*** Opening of GIVEN RECORDS ***

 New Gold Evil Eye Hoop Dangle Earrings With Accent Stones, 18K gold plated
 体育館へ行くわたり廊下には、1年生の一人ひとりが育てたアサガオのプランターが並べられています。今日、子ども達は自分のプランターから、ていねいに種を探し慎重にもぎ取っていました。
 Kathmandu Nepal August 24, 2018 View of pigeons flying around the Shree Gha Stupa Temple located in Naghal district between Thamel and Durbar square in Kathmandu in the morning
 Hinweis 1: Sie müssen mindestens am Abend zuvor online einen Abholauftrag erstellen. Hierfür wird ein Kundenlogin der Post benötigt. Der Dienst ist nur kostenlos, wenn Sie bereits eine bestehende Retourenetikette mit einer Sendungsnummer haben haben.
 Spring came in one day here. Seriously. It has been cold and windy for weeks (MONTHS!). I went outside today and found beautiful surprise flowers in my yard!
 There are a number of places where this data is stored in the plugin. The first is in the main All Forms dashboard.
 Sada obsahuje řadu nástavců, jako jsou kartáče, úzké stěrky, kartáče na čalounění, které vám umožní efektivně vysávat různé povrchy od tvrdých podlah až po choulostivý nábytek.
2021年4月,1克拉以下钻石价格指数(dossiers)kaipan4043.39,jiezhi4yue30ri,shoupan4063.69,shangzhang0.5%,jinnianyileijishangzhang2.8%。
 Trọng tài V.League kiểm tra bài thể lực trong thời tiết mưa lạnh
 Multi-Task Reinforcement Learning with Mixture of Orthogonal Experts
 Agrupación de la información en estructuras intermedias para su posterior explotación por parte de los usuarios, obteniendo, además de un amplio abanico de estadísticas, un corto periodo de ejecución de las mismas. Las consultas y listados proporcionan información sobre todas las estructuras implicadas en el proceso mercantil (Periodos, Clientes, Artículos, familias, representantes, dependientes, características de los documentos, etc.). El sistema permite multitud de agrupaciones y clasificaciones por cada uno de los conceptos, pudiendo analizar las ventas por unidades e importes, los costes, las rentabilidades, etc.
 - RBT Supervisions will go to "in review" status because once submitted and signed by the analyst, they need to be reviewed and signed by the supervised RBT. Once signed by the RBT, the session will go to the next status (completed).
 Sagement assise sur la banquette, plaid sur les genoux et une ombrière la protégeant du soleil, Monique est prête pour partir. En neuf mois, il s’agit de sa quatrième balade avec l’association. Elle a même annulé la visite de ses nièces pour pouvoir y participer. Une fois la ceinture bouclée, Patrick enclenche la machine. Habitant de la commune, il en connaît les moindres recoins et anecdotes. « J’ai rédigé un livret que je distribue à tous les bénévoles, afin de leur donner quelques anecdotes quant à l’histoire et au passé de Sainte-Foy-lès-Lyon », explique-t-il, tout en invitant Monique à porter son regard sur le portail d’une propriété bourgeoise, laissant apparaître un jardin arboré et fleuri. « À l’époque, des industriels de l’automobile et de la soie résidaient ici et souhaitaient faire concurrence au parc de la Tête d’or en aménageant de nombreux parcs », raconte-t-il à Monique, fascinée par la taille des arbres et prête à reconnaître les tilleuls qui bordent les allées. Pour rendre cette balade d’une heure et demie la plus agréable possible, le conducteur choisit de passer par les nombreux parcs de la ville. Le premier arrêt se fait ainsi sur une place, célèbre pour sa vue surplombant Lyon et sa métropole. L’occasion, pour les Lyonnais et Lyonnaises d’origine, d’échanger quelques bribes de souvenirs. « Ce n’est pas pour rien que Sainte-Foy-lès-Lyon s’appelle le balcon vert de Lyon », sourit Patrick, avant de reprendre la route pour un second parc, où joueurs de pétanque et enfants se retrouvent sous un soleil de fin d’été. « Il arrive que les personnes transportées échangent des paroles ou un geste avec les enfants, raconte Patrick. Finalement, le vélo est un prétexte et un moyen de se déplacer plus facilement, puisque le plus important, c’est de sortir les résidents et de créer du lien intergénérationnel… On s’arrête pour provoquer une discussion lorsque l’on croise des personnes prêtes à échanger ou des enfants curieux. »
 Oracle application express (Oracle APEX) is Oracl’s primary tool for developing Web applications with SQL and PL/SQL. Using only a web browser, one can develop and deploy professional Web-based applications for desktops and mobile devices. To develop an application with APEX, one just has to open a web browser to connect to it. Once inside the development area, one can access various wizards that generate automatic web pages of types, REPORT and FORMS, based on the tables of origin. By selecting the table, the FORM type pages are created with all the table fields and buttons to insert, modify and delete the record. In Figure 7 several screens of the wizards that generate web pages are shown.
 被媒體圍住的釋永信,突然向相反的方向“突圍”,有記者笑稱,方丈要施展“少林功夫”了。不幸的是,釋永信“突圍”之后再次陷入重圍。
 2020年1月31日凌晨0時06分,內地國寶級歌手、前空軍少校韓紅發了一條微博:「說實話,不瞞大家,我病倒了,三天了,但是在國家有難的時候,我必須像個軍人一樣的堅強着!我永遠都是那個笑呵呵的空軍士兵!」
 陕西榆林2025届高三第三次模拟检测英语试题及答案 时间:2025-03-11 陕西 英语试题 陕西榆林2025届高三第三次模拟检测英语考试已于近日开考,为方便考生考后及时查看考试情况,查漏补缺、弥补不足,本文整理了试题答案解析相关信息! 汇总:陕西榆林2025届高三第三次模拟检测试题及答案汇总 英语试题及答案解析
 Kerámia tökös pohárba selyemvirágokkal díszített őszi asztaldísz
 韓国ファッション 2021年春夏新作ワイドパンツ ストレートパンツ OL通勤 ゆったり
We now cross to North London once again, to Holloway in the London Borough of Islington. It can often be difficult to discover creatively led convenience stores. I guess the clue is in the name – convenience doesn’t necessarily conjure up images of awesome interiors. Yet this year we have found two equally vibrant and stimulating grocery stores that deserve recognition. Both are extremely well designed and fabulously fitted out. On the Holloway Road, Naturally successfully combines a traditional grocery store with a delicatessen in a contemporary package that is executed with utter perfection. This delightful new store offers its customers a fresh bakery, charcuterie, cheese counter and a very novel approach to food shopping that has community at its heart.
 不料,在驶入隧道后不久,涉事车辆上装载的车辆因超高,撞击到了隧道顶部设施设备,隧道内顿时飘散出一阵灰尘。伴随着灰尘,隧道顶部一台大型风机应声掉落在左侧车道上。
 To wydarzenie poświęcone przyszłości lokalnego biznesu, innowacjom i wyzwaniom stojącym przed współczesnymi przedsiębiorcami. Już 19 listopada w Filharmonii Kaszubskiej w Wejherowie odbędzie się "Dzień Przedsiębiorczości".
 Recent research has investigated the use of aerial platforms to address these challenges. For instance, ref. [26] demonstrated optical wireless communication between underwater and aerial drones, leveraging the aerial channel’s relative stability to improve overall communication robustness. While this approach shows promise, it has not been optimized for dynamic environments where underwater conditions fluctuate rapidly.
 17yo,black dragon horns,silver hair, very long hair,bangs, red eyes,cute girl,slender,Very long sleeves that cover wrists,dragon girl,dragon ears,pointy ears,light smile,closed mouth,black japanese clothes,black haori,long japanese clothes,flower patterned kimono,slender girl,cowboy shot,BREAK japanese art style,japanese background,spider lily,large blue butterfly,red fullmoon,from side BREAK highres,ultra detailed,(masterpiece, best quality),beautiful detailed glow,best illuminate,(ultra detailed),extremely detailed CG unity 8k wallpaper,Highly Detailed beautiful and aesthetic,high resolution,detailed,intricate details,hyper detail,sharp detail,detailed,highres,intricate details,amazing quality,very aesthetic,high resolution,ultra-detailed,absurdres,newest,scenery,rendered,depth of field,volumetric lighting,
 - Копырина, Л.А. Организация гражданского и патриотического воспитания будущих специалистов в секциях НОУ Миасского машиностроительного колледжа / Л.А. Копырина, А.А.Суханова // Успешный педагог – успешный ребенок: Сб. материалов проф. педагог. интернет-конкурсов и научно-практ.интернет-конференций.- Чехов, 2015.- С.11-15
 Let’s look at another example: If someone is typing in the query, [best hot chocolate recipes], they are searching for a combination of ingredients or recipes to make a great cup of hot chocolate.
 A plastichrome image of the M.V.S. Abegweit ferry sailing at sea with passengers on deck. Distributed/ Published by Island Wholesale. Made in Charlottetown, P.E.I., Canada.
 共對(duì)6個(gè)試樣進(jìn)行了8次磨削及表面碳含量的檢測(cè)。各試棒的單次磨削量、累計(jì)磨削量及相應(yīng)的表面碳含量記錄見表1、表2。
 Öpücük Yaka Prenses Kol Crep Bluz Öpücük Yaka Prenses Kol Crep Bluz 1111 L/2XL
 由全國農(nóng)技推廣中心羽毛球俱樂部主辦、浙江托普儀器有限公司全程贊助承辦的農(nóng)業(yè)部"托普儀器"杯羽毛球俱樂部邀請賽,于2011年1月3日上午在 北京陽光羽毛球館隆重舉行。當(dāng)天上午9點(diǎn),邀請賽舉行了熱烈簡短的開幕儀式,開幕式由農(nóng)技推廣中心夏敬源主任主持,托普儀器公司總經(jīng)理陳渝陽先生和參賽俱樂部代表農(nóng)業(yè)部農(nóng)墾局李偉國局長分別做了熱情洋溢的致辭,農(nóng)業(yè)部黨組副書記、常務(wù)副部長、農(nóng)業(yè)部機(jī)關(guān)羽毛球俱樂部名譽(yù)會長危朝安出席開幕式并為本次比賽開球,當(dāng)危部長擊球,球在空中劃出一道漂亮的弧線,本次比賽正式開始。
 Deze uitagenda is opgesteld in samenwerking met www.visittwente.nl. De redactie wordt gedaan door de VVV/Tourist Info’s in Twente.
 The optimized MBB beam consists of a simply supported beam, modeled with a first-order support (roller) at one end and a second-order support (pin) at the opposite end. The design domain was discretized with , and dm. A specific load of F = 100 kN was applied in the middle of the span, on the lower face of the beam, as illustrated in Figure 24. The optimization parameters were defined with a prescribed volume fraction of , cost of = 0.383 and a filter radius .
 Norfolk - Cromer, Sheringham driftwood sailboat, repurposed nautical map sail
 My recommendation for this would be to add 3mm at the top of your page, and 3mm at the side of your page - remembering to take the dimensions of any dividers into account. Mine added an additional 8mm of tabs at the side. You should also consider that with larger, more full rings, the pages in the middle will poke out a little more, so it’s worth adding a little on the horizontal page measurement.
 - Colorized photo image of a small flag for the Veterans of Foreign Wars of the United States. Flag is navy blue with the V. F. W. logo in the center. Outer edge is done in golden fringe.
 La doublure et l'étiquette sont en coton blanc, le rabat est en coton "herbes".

*** Close of GIVEN RECORDS ***

§ **TASK DETAILS**
In the entries above, the lines between the one holding "Trọng tài V.League" and the one holding "Multi-Task Reinforcement Learning", inclusive, are to be printed exactly as written, and those alone.

§ **WRITTEN ANSWER**
 Trọng tài V.League kiểm tra bài thể lực trong thời tiết mưa lạnh
 Multi-Task Reinforcement Learning with Mixture of Orthogonal Experts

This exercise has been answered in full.